REPUBLIKA.CO.ID, JAKARTA -- Presiden RI Prabowo Subianto kembali melayangkan pernyataan kontroversial dan mendapat sorotan tajam dari masyarakat. Kali ini soal pelemahan nilai tukar rupiah. Prabowo menarasikan, anjloknya nilai tukar rupiah tidak memberi dampak riil bagi kehidupan masyarakat di pedesaan karena masyarakat desa tidak menggunakan dolar AS.
Pengamat Center of Economics and Law Studies (Celios) Bhima Yudhistira mengkritik pernyataan RI 1 tersebut dengan menyinggung bahwa Prabowo perlu mempelajari topik pengantar ekonomi, yakni Economics 101.
Bhima menyampaikan, pelemahan nilai tukar rupiah jelas memberikan dampak bagi masyarakat, tak terkecuali di pedesaan. Sebab, terkoreksinya Mata Uang Garuda akan membuat biaya hidup semakin tinggi.

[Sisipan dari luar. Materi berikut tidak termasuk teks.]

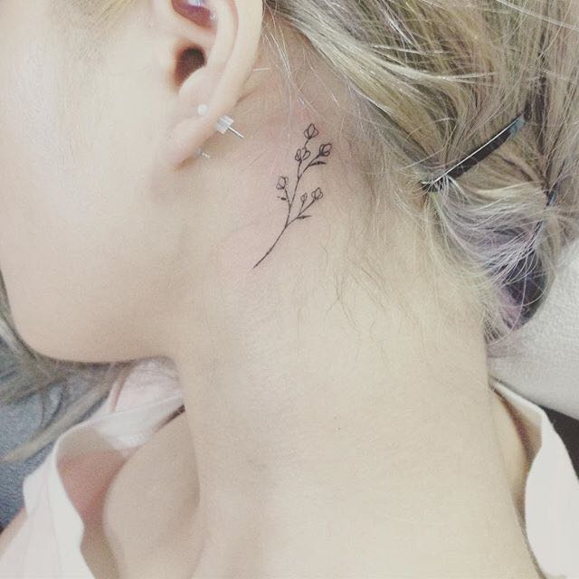 耳根后的纹身一般会选择一些姿态比较“高挑”的细长花朵。

“Jangan dikira pelemahan nilai tukar rupiah terhadap dolar, yang Rp 17.600 itu tidak akan menjalar ke biaya hidup yang naik di level desa. Karena seolah-olah sekarang semua bisa ditahan dengan adanya subsidi BBM (Bahan Bakar Minyak), harga BBM enggak naik gitu ya, juga subsidi LPG,” ujar Bhima saat dikonfirmasi Republika, Ahad (17/5/2026) lalu.
Permasalahannya, kata Bhima, Indonesia makin terintegrasi ke dalam sistem ekonomi global dibandingkan tahun 1998 ketika rupiah terjerembab akibat krisis finansial Asia. Ia menyebut, pada 1998, saat terjadi kenaikan tajam pada harga minyak tanah, masyarakat bisa beralih ke kayu bakar. Kondisi saat itu berbeda dengan kondisi hari ini.

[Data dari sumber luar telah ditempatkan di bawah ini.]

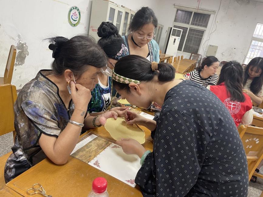 8月26日,香蕉视频 (武汉)香蕉视频 同心艺力团队前往武汉市蔡甸区同心村,开展了“丝线交织生活,指尖传承汉绣”志愿服务汉绣教学活动。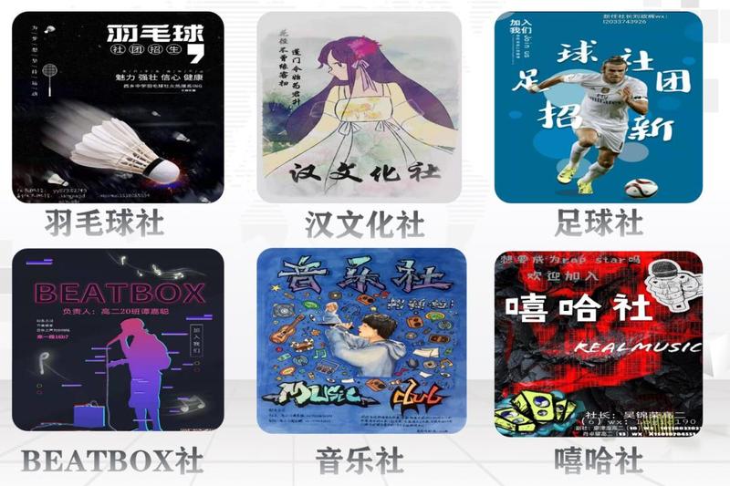 还有器乐社、音乐社、街舞社、文学社、

“Tapi sekarang kayu bakarnya dari mana? Maka transmisi dari krisis energi global dan pelemahan nilai tukar rupiah ini adalah efek yang mematikan bagi LPG dan harga-harga kebutuhan pokok,” terangnya.
Lebih lanjut, Bhima mengungkapkan masyarakat desa pasti akan terdampak akibat pelemahan nilai tukar rupiah karena penggunaan barang-barang impor. Terus bergulirnya masuknya barang impor yang dibutuhkan masyarakat di tengah terkoreksinya rupiah secara otomatis akan memberi dampak pada harga-harga kebutuhan masyarakat.
“Memangnya orang desa nggak pakai barang-barang impor? Mulai dari handphone-nya, kendaraan bermotornya, komponen elektroniknya, mesin cucinya, itu semua akan terpengaruh. Pupuk pun, harga pupuk yang ada di sentra-sentra pertanian kalau rupiahnya makin lama makin melemah, juga akan terpengaruh. Itu semua tinggal menunggu waktu saja sampai harga-harganya nanti akan menekan masyarakat di pedesaan,” jelasnya.
Bhima juga menyoroti dampak lebih luas dari pelemahan rupiah. Di antaranya meluasnya pemutusan hubungan kerja (PHK), yang menunjukkan kondisi bahaya terhadap perekonomian rakyat.
“Jangan salah juga, kalau rupiahnya terus melemah terhadap dolar, (berpotensi terjadi) PHK massal. Desa akan dibanjiri oleh mereka yang jadi korban PHK di perkotaan. Kembali lagi ke desa, tapi dalam posisi tidak bekerja, tidak berpenghasilan. Kan akan jadi beban desa,” tegasnya.
Bhima menekankan, pernyataan Prabowo selaku pemimpin negara dalam menanggapi pelemahan rupiah sangat disayangkan. Prabowo dinilai perlu mengevaluasi gaya komunikasinya agar tidak menimbulkan ‘keributan’ di ruang publik.
“Jadi kami sangat menyesalkan Prabowo terlalu menganggap enteng situasi sekarang yang harusnya di banyak negara pemimpin-pemimpinnya itu mempersiapkan kondisi yang terburuk dengan stimulus, mempersiapkan publik. Nah di Indonesia ini seolah justru menantang, menantang tapi tanpa persiapan. Saya kira sikap-sikap dan cara komunikasi seperti itu sangat-sangat membahayakan,” ujarnya.